> [DATASET CONTENT]:
________________

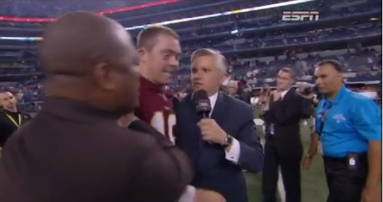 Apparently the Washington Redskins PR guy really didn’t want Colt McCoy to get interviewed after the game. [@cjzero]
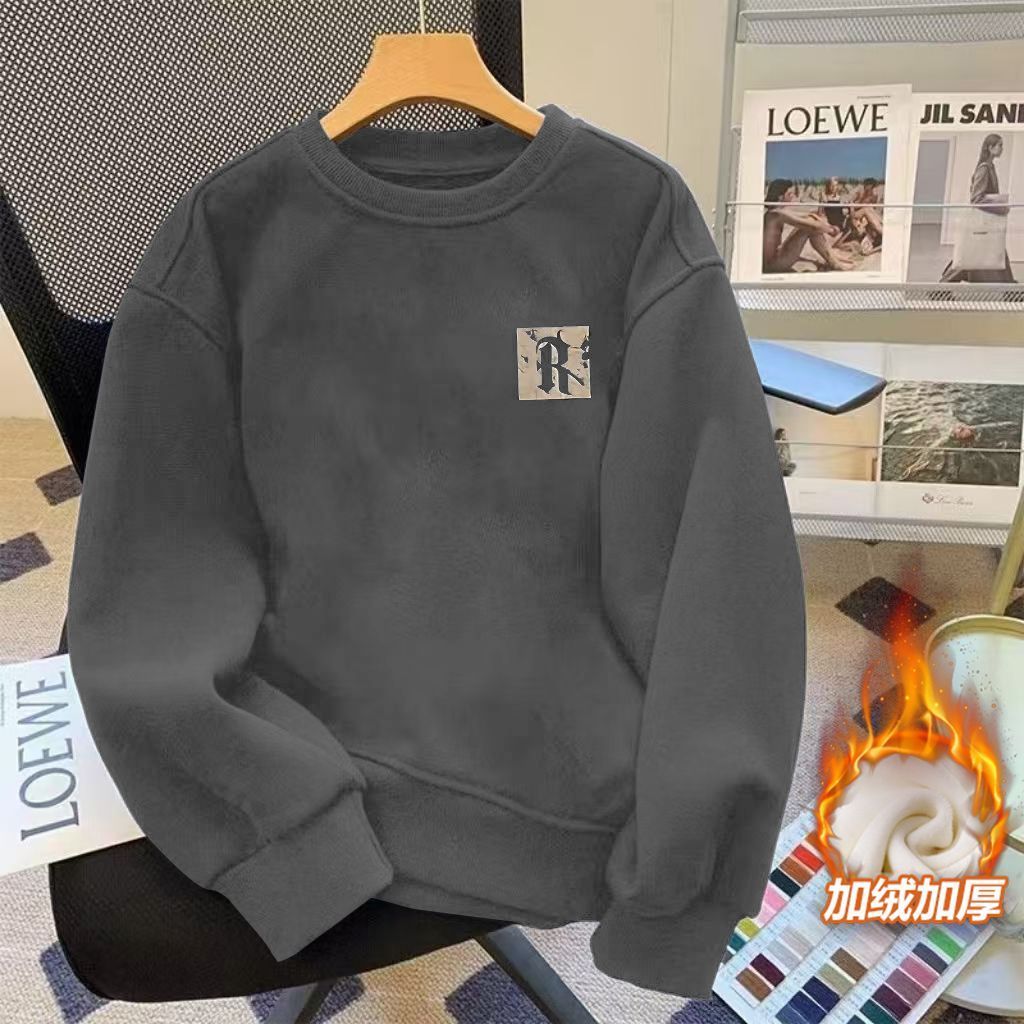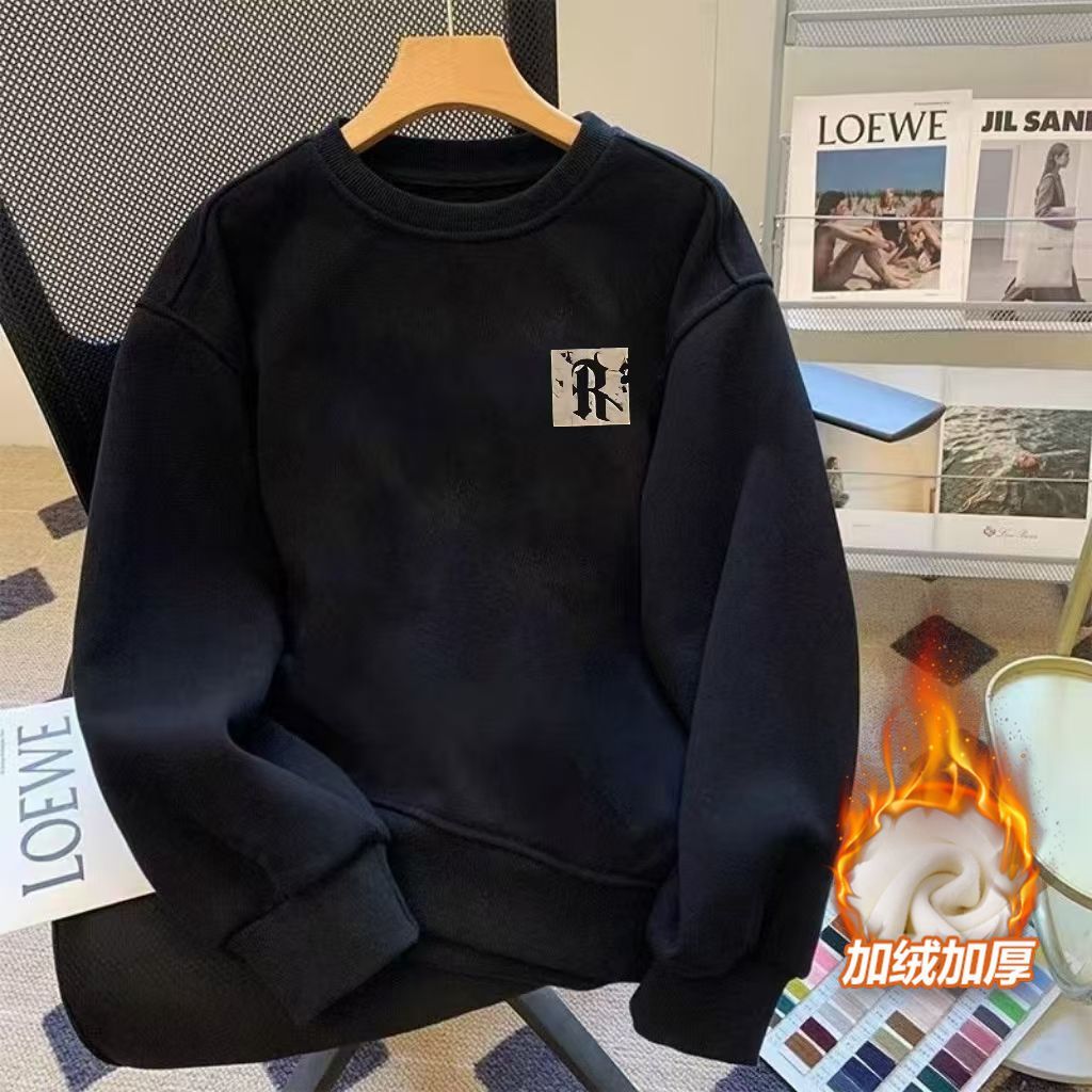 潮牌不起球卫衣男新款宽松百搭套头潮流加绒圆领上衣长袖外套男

________________

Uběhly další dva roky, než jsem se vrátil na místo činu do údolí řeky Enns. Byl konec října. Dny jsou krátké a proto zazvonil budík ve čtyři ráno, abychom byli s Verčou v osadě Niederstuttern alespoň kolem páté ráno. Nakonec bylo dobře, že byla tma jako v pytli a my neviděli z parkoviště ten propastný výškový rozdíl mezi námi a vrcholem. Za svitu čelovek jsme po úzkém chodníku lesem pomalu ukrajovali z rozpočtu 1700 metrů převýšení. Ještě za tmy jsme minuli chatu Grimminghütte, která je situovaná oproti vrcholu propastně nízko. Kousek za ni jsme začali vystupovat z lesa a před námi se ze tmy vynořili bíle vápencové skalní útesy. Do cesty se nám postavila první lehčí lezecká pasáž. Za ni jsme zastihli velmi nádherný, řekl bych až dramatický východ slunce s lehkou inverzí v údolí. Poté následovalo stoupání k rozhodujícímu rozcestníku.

________________

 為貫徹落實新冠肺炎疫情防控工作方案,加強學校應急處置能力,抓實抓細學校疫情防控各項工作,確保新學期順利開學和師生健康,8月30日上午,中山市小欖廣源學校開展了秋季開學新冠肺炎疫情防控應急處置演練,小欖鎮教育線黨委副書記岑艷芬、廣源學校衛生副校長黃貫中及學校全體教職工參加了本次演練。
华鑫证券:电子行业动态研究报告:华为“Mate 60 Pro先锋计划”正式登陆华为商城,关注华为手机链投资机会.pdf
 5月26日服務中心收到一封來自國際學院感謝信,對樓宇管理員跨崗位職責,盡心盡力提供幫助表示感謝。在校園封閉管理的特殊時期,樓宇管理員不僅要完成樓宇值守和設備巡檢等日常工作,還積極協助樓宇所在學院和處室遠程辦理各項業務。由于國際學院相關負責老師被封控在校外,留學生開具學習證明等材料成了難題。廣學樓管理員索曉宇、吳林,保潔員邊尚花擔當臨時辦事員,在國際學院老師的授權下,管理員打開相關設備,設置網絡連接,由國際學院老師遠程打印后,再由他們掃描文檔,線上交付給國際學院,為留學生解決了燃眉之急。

________________

> [ASSIGNMENT]:
Your answer should consist only of the lines above between the line holding "為貫徹落實新冠肺炎疫情防控工" and the line holding "5月26日服務中心收到一封來", inclusive, each transcribed exactly.

> [RESPONSE]:
 為貫徹落實新冠肺炎疫情防控工作方案,加強學校應急處置能力,抓實抓細學校疫情防控各項工作,確保新學期順利開學和師生健康,8月30日上午,中山市小欖廣源學校開展了秋季開學新冠肺炎疫情防控應急處置演練,小欖鎮教育線黨委副書記岑艷芬、廣源學校衛生副校長黃貫中及學校全體教職工參加了本次演練。
华鑫证券:电子行业动态研究报告:华为“Mate 60 Pro先锋计划”正式登陆华为商城,关注华为手机链投资机会.pdf
 5月26日服務中心收到一封來自國際學院感謝信,對樓宇管理員跨崗位職責,盡心盡力提供幫助表示感謝。在校園封閉管理的特殊時期,樓宇管理員不僅要完成樓宇值守和設備巡檢等日常工作,還積極協助樓宇所在學院和處室遠程辦理各項業務。由于國際學院相關負責老師被封控在校外,留學生開具學習證明等材料成了難題。廣學樓管理員索曉宇、吳林,保潔員邊尚花擔當臨時辦事員,在國際學院老師的授權下,管理員打開相關設備,設置網絡連接,由國際學院老師遠程打印后,再由他們掃描文檔,線上交付給國際學院,為留學生解決了燃眉之急。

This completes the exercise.